Given the records below, the lines starting at the line with "GetUp Weight plate with" and ending at the line with "The racial separation" should be output exactly, both end lines kept and pictures left out.

Provided information>
++++++++

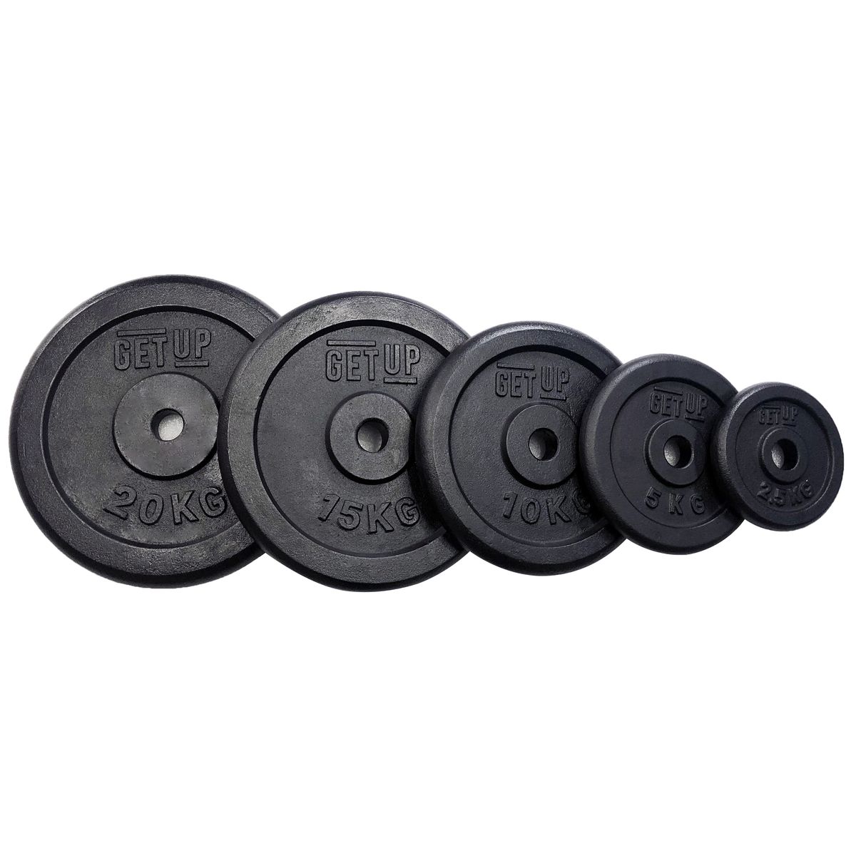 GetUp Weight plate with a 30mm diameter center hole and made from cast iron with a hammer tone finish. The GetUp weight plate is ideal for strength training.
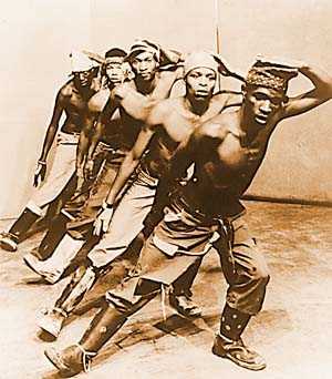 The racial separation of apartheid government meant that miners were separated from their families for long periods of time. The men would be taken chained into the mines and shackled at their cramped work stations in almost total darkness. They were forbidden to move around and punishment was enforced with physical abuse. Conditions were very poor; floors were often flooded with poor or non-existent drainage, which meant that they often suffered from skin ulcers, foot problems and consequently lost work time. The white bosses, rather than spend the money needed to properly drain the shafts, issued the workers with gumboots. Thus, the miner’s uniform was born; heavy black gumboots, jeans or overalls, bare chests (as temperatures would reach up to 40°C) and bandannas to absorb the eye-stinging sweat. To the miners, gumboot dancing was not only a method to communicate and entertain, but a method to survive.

++++++++

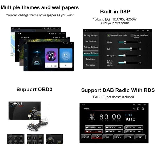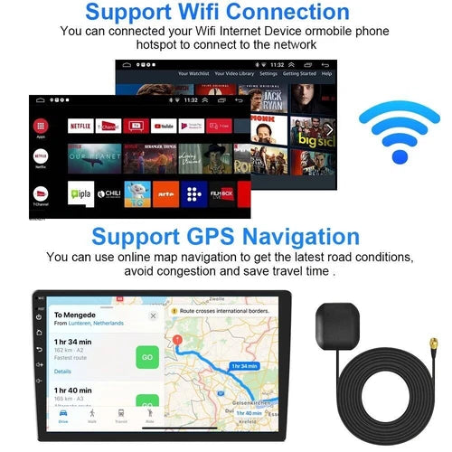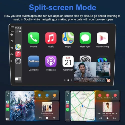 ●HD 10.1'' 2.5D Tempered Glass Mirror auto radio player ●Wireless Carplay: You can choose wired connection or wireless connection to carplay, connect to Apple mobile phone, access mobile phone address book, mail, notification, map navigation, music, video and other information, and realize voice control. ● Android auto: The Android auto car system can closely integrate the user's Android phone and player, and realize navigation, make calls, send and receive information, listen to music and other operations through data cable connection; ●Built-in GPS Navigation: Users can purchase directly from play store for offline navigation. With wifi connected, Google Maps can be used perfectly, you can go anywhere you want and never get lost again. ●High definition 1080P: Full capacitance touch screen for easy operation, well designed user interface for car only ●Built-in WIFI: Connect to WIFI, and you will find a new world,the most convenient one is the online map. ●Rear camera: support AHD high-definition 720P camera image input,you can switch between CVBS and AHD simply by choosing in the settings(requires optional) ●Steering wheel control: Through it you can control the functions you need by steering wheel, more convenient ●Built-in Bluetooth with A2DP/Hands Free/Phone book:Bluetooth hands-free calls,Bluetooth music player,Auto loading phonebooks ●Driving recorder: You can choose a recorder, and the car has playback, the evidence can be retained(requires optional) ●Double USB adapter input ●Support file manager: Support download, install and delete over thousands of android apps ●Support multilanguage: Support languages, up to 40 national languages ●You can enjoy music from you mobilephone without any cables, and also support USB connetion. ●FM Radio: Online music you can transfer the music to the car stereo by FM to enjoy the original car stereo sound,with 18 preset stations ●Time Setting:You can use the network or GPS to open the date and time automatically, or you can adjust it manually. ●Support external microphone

++++++++

Exercise solution>
 GetUp Weight plate with a 30mm diameter center hole and made from cast iron with a hammer tone finish. The GetUp weight plate is ideal for strength training.
 The racial separation of apartheid government meant that miners were separated from their families for long periods of time. The men would be taken chained into the mines and shackled at their cramped work stations in almost total darkness. They were forbidden to move around and punishment was enforced with physical abuse. Conditions were very poor; floors were often flooded with poor or non-existent drainage, which meant that they often suffered from skin ulcers, foot problems and consequently lost work time. The white bosses, rather than spend the money needed to properly drain the shafts, issued the workers with gumboots. Thus, the miner’s uniform was born; heavy black gumboots, jeans or overalls, bare chests (as temperatures would reach up to 40°C) and bandannas to absorb the eye-stinging sweat. To the miners, gumboot dancing was not only a method to communicate and entertain, but a method to survive.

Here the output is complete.